There was an increase in the differential polymorpho-neutrophils count with increase exposure period from 0 to 14 days. Though there was no regular pattern between sublethal concentrations with differential polymorpho-neutrophils count, the longer the exposure period of the test organism, M. vollenhoevenii the higher the level of the differential polymorpho-neutrophils count. The differential polymorpho-neutrophils indicate level of stress on organisms. The differential lymphocyte count was found to decrease with increase in the number of days from day 0 to day 14, though there was no regular pattern between sublethal concentration and the differential lymphocyte count. The ANOVA and Duncan test revealed significant differences (p>0.05) in each of the haematological parameters in the different sublethal concentrations. The differential eosinophil count seems to be of no importance as no values were recorded in the test organism. Other authors who have identified blood parameters as potential tools for identification of stress in the environment include, Jusila et al. (2001) and Masson et al. (2002). According to these researchers, blood parameters such as levels of cortisol, glycemia, haemoglobin, hematocrit, Cl¯ content, haemolymph clotting time and total haemocyte counts are very useful indicators of chemical/physical stress in the environment.

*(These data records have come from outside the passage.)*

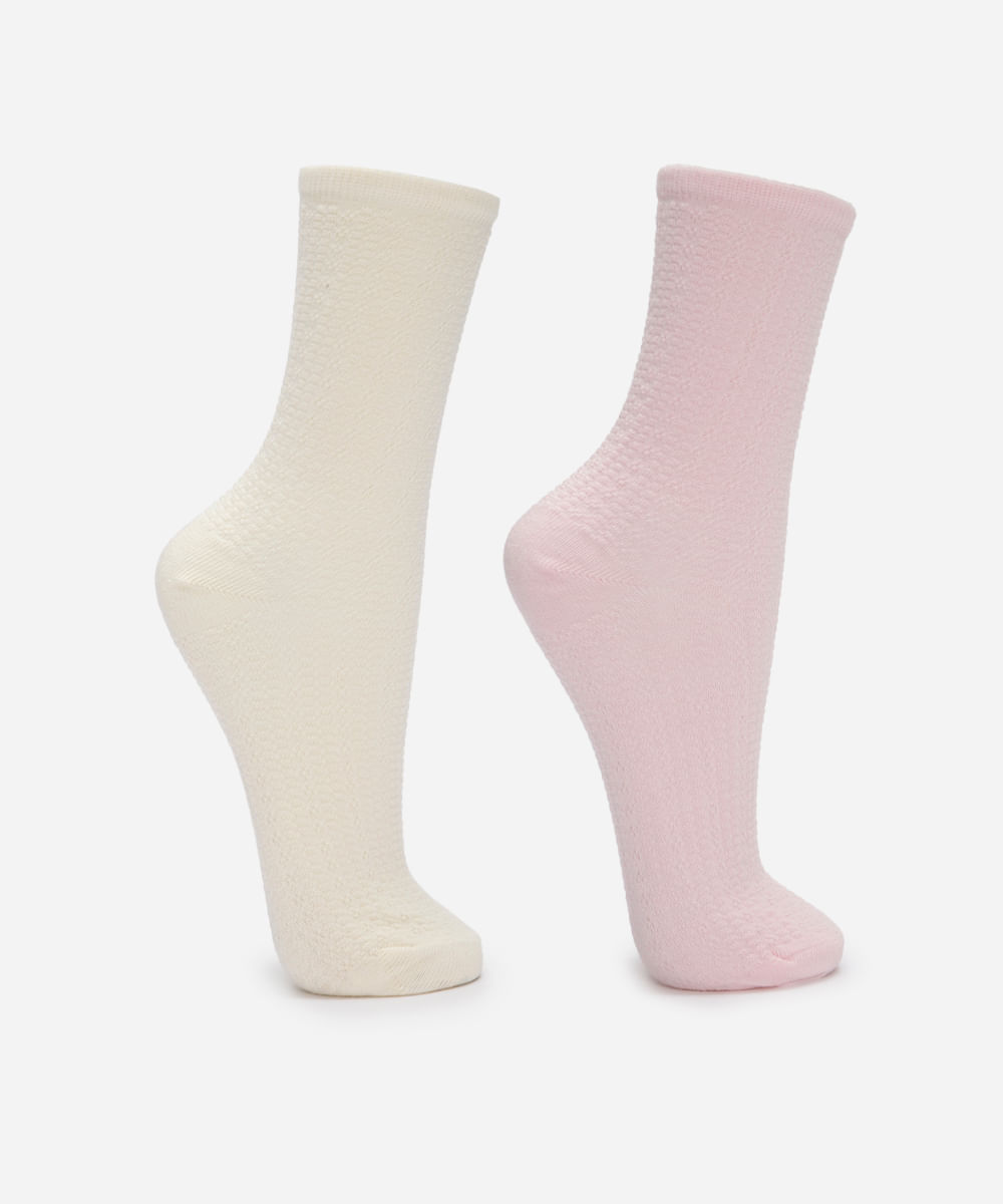 kit de 2 meias cano alto texturizada colorido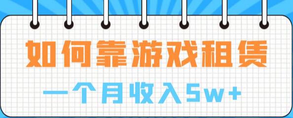 如何靠游戏租赁业务一个月收入5w+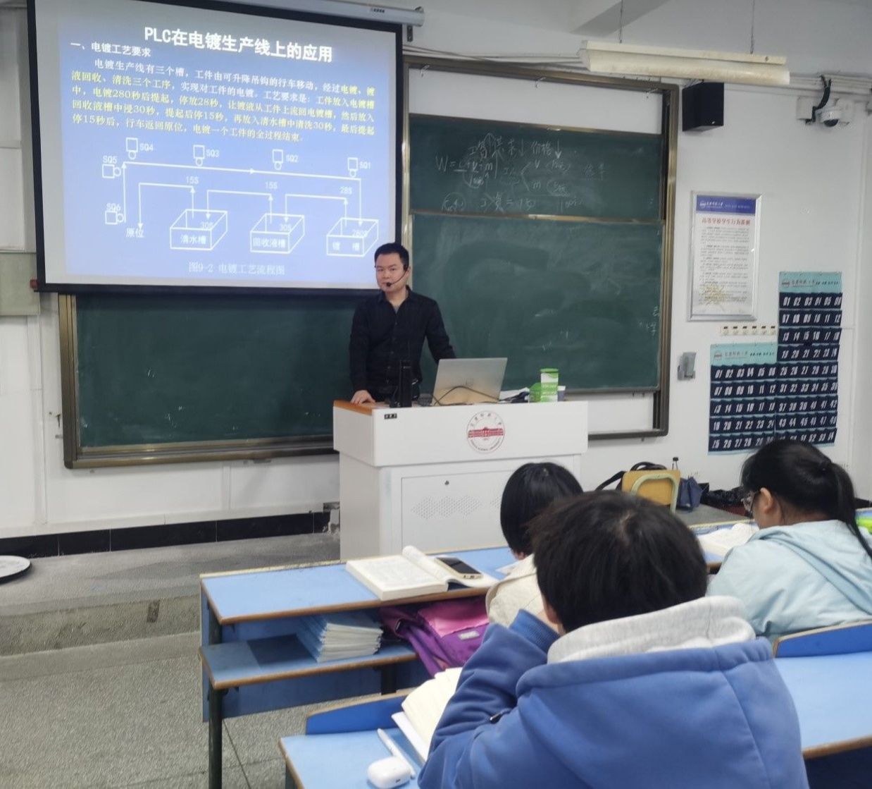 陈世军老师所授课程为《电气控制与可编程控制器》,所授主题为“PLC在电镀生产线上的应用”。陈老师以一个实际生产案例,运用PLC控制系统设计的方法开展教学,并融入课程思政内容。以学生为主体,教师为引导的教学模式,能够激发学生的学习兴趣,培养学生的团队协作能力和解决工程实际问题的能力。

In conclusion, the result of this present study suggests the use of dispersants for control of spent lubricant oil spillage may actually reduce biological damage if the varying mixtures of SLO and dispersants at certain ratios are taken into considerations. If this is done the immune functions of the test prawns, M. vollenhoevenii would be less susceptible to any disease and stress induced toxicant as indicated by the results obtained in varying sublethal concentrations on the tests prawns. Hence, pollution of natural aquatic environment by spent lubricant oil spillage should be strictly monitored.